Karpet atau permadani adalah salah satu karya seni tekstil tertua dalam sejarah peradaban manusia. Berawal dari kebutuhan dasar untuk melindungi tubuh dari cuaca dingin, penutup lantai ini berevolusi menjadi simbol kemewahan, status sosial, dan mahakarya seni bernilai tinggi.

Berikut adalah penjelasan lengkap mengenai asal-usul, fungsi, serta cara pembuatan karpet dan permadani.

1. Asal-Usul

  • Asal-Usul Permadani Kuno: Permadani tertua di dunia yang pernah ditemukan adalah Karpet Pazyryk, yang diperkirakan berasal dari abad ke-5 SM. Karpet ini ditemukan terawetkan dalam es di sebuah makam pangeran Scythian di Pegunungan Altai, Siberia. Teknik tenunannya yang sangat halus menunjukkan bahwa seni membuat permadani sudah berkembang jauh sebelum abad tersebut.
  • Budaya Nomaden: Karpet awalnya diciptakan oleh suku-suku nomaden (penggembala yang berpindah-pindah) di wilayah Asia Tengah dan Timur Tengah (Persia/Iran, Turki, Mongolia).
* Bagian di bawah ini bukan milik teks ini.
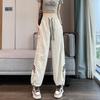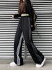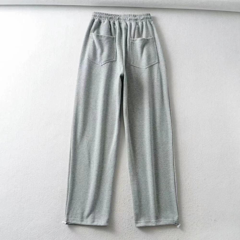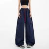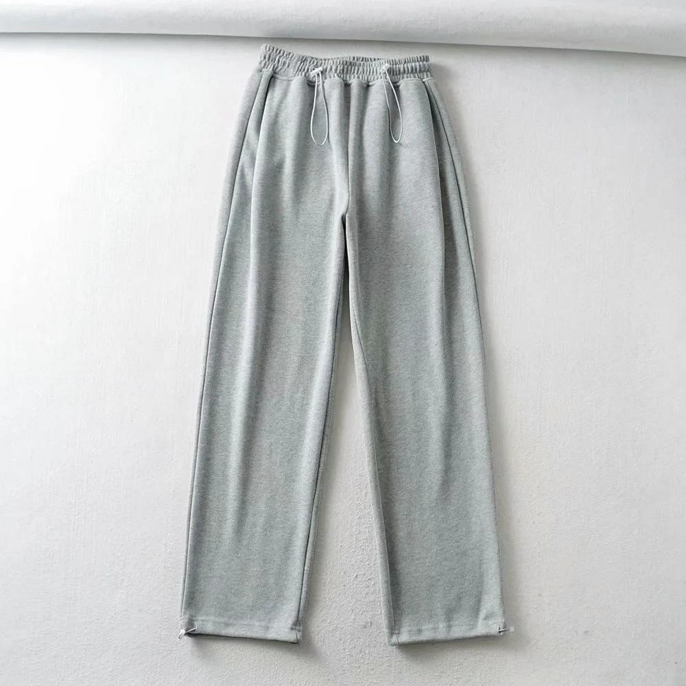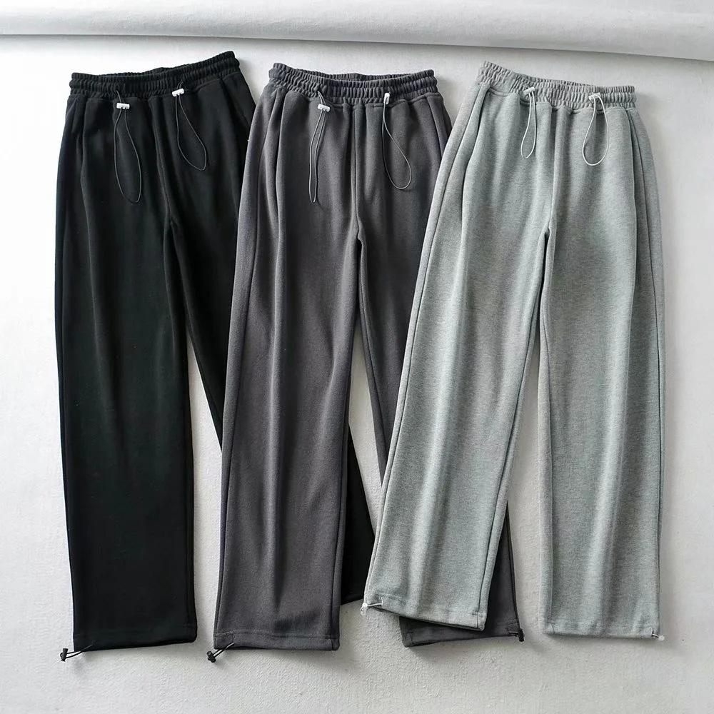 Pantalones deportivos holgados con cordón ajustable en la pierna, pantalones de fregona para mujer, pantalones deportivos de pierna ancha drapeados de moda explosiva de otoño.

Mereka memanfaatkan bulu domba atau kambing yang mereka ternak untuk dipintal menjadi benang dan ditenun menjadi alas tenda agar hangat dari dinginnya gurun dan gunung di malam hari.
  • Perkembangan Jalur Sutra: Melalui Jalur Sutra, permadani Persia yang terkenal dengan motif rumit dan warna alamnya mulai diekspor ke seluruh dunia, termasuk ke istana-istana kerajaan di Eropa dan Asia, menjadikannya barang mewah penanda kasta bangsawan.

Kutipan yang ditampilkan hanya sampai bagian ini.